◆ GIVEN MATERIAL:

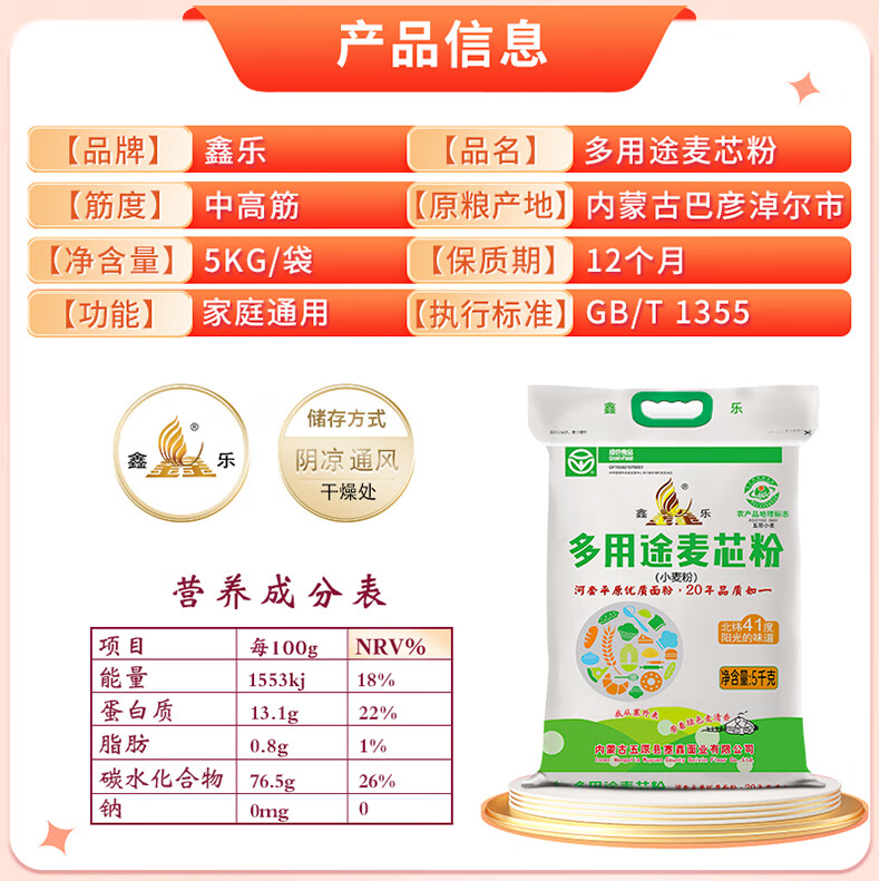 商品名称:鑫乐多用途麦芯粉5kg名优产品内蒙河套平原面粉高筋面粉国家地标 6943724050224
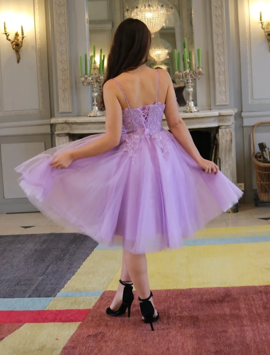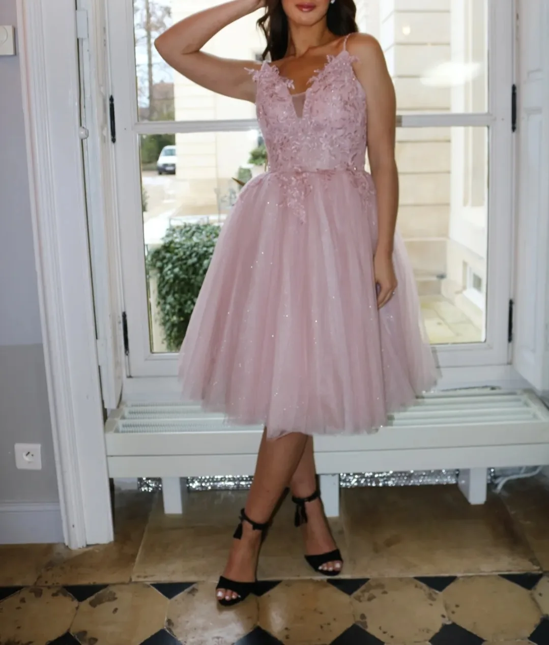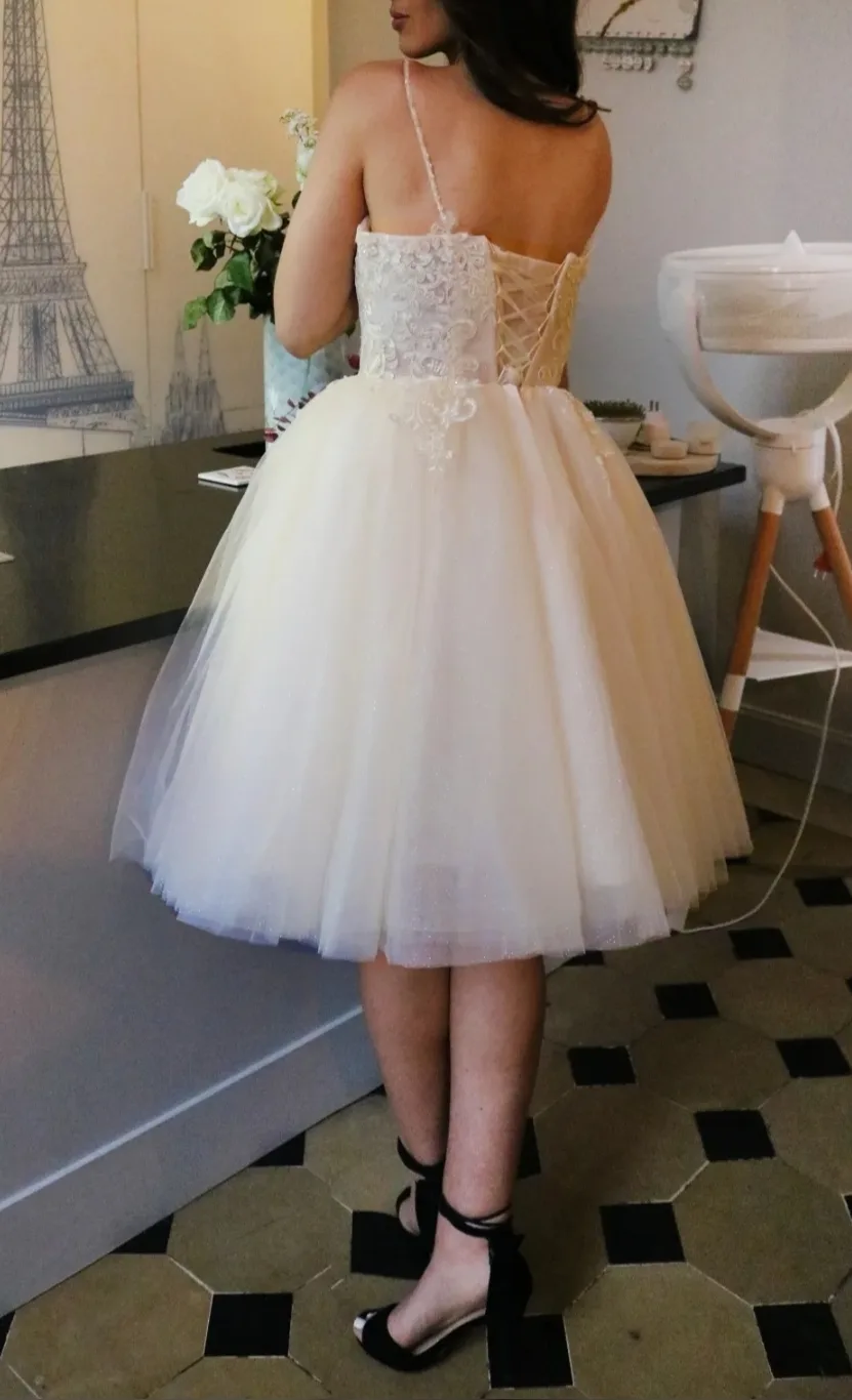 Robe de cérémonie courte style princesse en tulle et dentelle
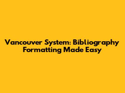 Vancouver System: Bibliography Formatting Made Easy

◆ ACTION ITEM:
Would you please transcribe the listing in full, exactly, while omitting the images?

◆ OUTPUT FOR THIS TASK:
 商品名称:鑫乐多用途麦芯粉5kg名优产品内蒙河套平原面粉高筋面粉国家地标 6943724050224
 Robe de cérémonie courte style princesse en tulle et dentelle
 Vancouver System: Bibliography Formatting Made Easy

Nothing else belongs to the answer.